Search code examples
pythonpython-xarray

Preserve coordinates in xarray.Dataset when subsetting a DataArray


I want to have multiple coordinate systems for a given dimension, e.g., a single "time" dimension with coordinates for (the default) datetime64[ns] type but also for a numeric year, or a season. This seems to be possible using Dataset.assign_coords() but has some unexpected behavior when subsetting a DataArray within the Dataset.

I'm using the publicly available NASA dataset available here (with Earthdata login); described in more detail at this link.

import xarray as xr
import numpy as np

ds = xr.open_mfdataset('GRCTellus.JPL.200204_202311.GLO.RL06.1M.MSCNv03CRI.nc')
ds.coords['lon'] = ds.coords['lon'] - 180

# Get a list of all the dates from the "time" coordinate
dates = ds.coords['time'].values

# Convert each "datetime64[ns]" object to a 4-digit year
years = []
for each in dates:
    years.append(int(str(each)[0:4]))

# Create a new set of coordinates
ds = ds.assign_coords(year = ('year', years))
<xarray.Dataset>
Dimensions:        (lat: 360, time: 227, lon: 720, bounds: 2, year: 227)
Coordinates:
  * lat            (lat) float64 -89.75 -89.25 -88.75 ... 88.75 89.25 89.75
  * time           (time) datetime64[ns] 2002-04-17T12:00:00 ... 2023-11-16
  * lon            (lon) float64 -179.8 -179.2 -178.8 ... 178.8 179.2 179.8
  * year           (year) int64 2002 2002 2002 2002 2002 ... 2023 2023 2023 2023

This works great, so far, in that I have a year coordinate now.
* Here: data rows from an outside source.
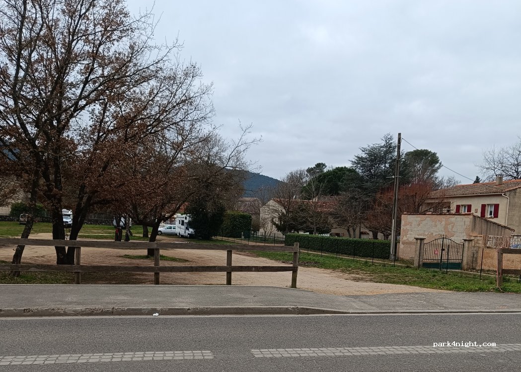 Parking in front of the earthen stadium, accessible to heavy goods vehicles (I returned with my 12 m). The municipal police authorize preferably by standing at the bottom to the left of the parking lot to be less disturbing. Quiet night, shops, bins and Sunday morning market nearby.
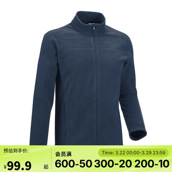 自营迪卡侬男秋冬薄款摇粒绒保暖抓绒上衣全拉链-蓝色L 4924748
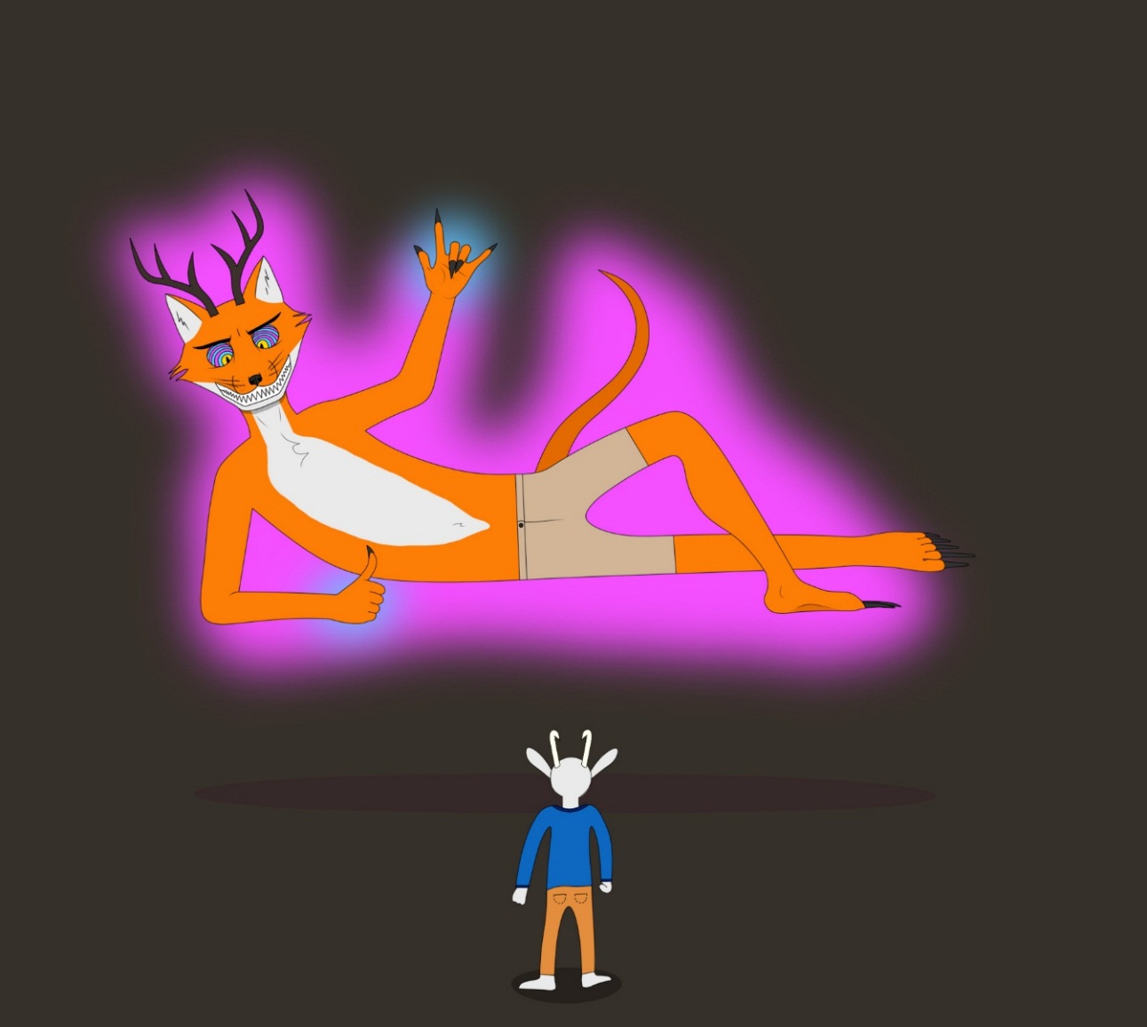 Сон. Вокруг темно. Этот сон, который происходил в его голове глубокой ночью, протекал спокойно и был бы обычным, как всегда, если не одна «задорная» деталь. Вдруг из ниоткуда появилось странное существо. Оно лежало и парило над черной поверхностью в темноте, окруженным легким фиолетовым свечением. Это существо было похоже на человекообразного лиса с жёлтыми хищными глазами и оленьими рогами. Вдобавок ко всему у него был хвост как у ящерицы, но только пушистый. Улыбка была широкая и искренняя как у чеширского кота. Риаз отнёсся к этому совершенно спокойно. Это ведь всего лишь сон.
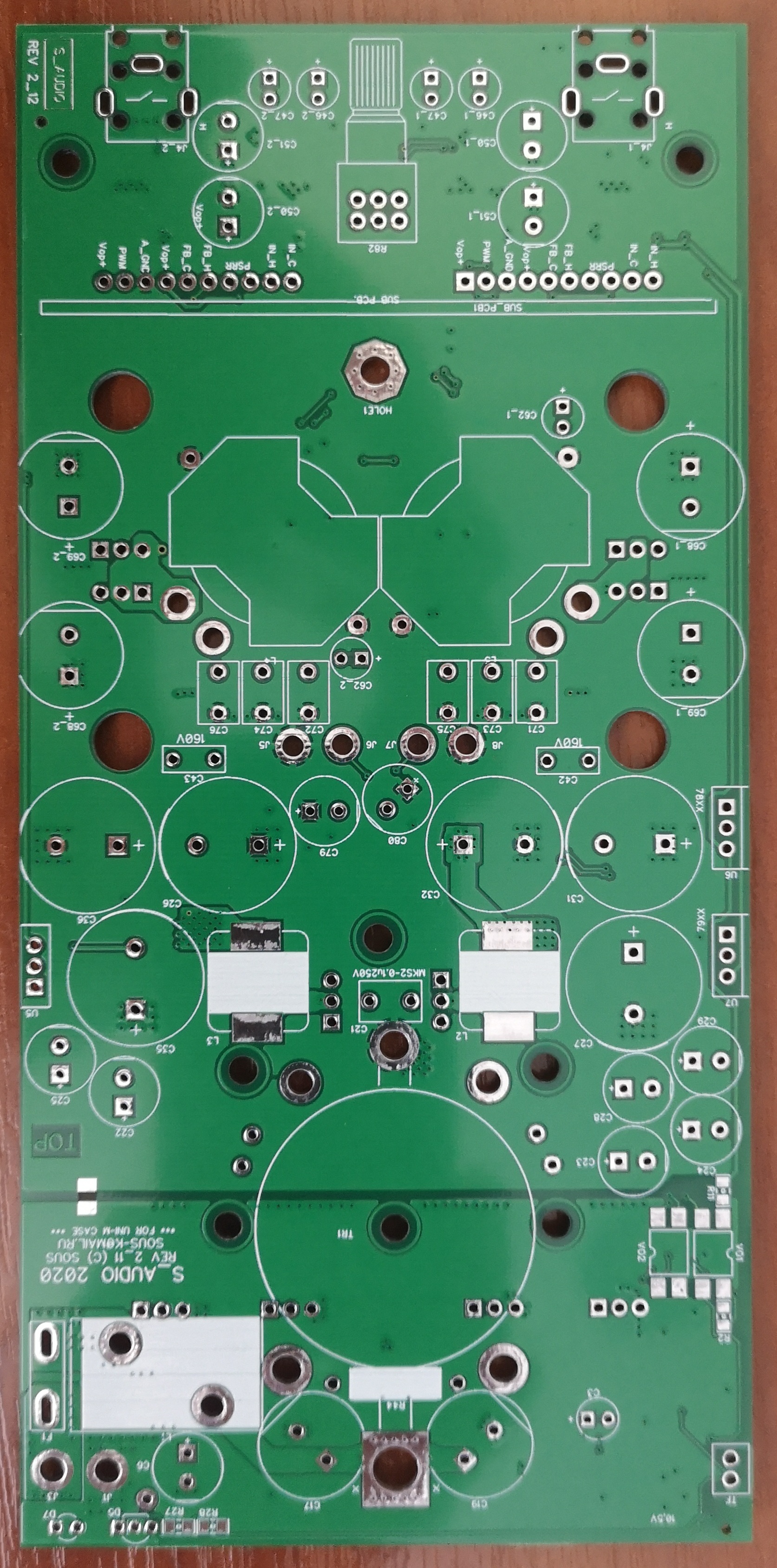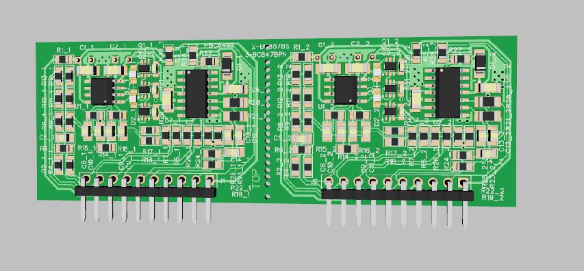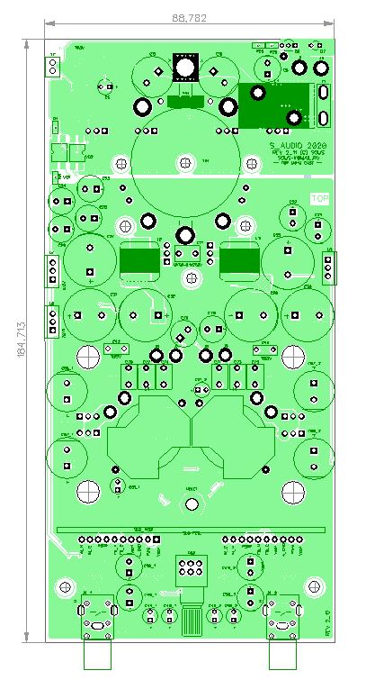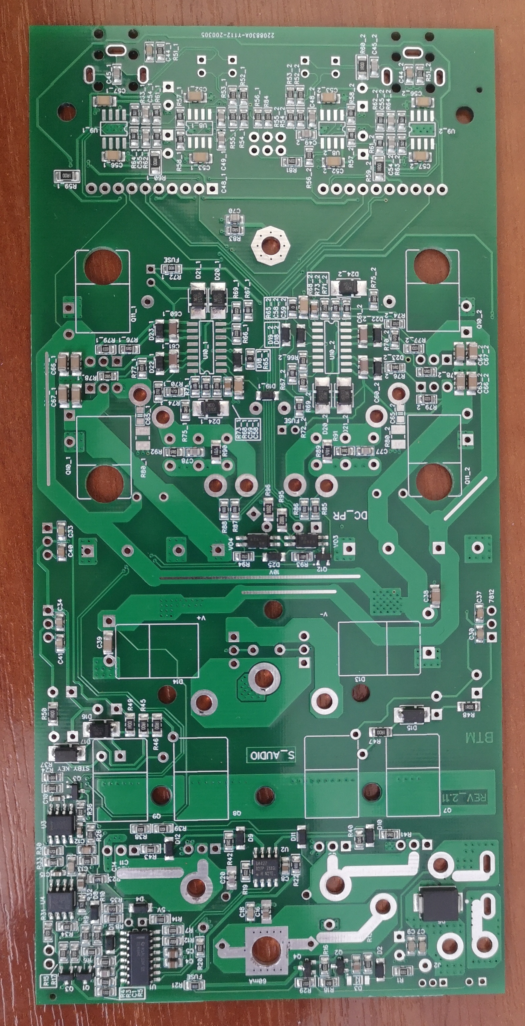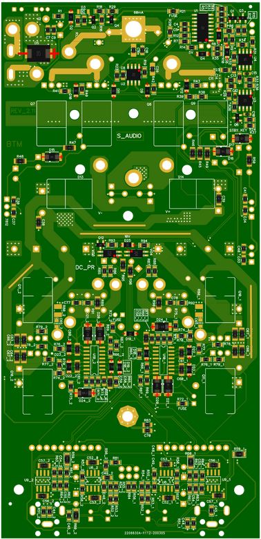 С переходом на среду DIPTRAСE и производство плат по процессу с допусками лучше 0,2/0,2 получилось скомпоновать усилитель без субмодуля управления питанием, и применить выходные транзисторы в корпусах ТО220-3. Кроме того, полноценно реализован модулятор, который полностью копирует схемотехнику NCORE 500OEM.
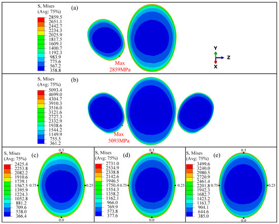 Under actual service conditions, most cracks in wheels are elliptical. Therefore, this section investigates the influence of different elliptical aspect ratios on fatigue crack propagation. The diameter of the ellipse along the Z-axis direction is defined as “a”, and the diameter in the other direction is defined as “b”. At a depth of 3 mm below the wheel tread, cracks with different morphologies are inserted into the most dangerous case mentioned above. Figure 11a–c show the von Mises stress contour of the initial elliptical cracks. It can be seen from the figures that the maximum von Mises stress of the three cracks is located on the right side of the cracks. The stress of the circular crack is lower than that of the elliptical cracks, and the elliptical crack with a = 1.2 and b = 1 exhibits the highest stress. This indicates that the elliptical crack does not alter the initial propagation direction of the crack (i.e., the position with the maximum von Mises stress), but it increases the initial von Mises stress of the crack, making the crack more susceptible to fatigue propagation.

I also have a year dimension listed, which is not what I wanted.

The more serious problem is that when I select a DataArray from this Dataset, it doesn't know anything about the new coordinates.

ds['lwe_thickness'].sel(lon = slice(-124, -114), lat = slice(32, 42))
<xarray.DataArray 'lwe_thickness' (time: 227, lat: 20, lon: 20)>
dask.array<getitem, shape=(227, 20, 20), dtype=float64, chunksize=(46, 20, 20), chunktype=numpy.ndarray>
Coordinates:
  * lat      (lat) float64 32.25 32.75 33.25 33.75 ... 40.25 40.75 41.25 41.75
  * time     (time) datetime64[ns] 2002-04-17T12:00:00 ... 2023-11-16
  * lon      (lon) float64 -123.8 -123.2 -122.8 -122.2 ... -115.2 -114.8 -114.2

The result is that "time" is listed as a coordinate, but not "year". This has implications for using DataArray.polyfit(), because without a "year" coordinate I can't get coefficient values denominated by year.

How can I make a new coordinate system available to each DataArray in my Dataset? I have looked at:


Solution

  • You are telling it to connect the new coordinate to a newly created dimension 'year'. I didn't try this on your exact data, but try connecting the coordinate 'year' to the existing dimension 'time'

     ds = ds.assign_coords(year = ('time', years))
    

    Then the 'year' coordinate should also show up in the DataArrays that are defined over the dimension 'time'.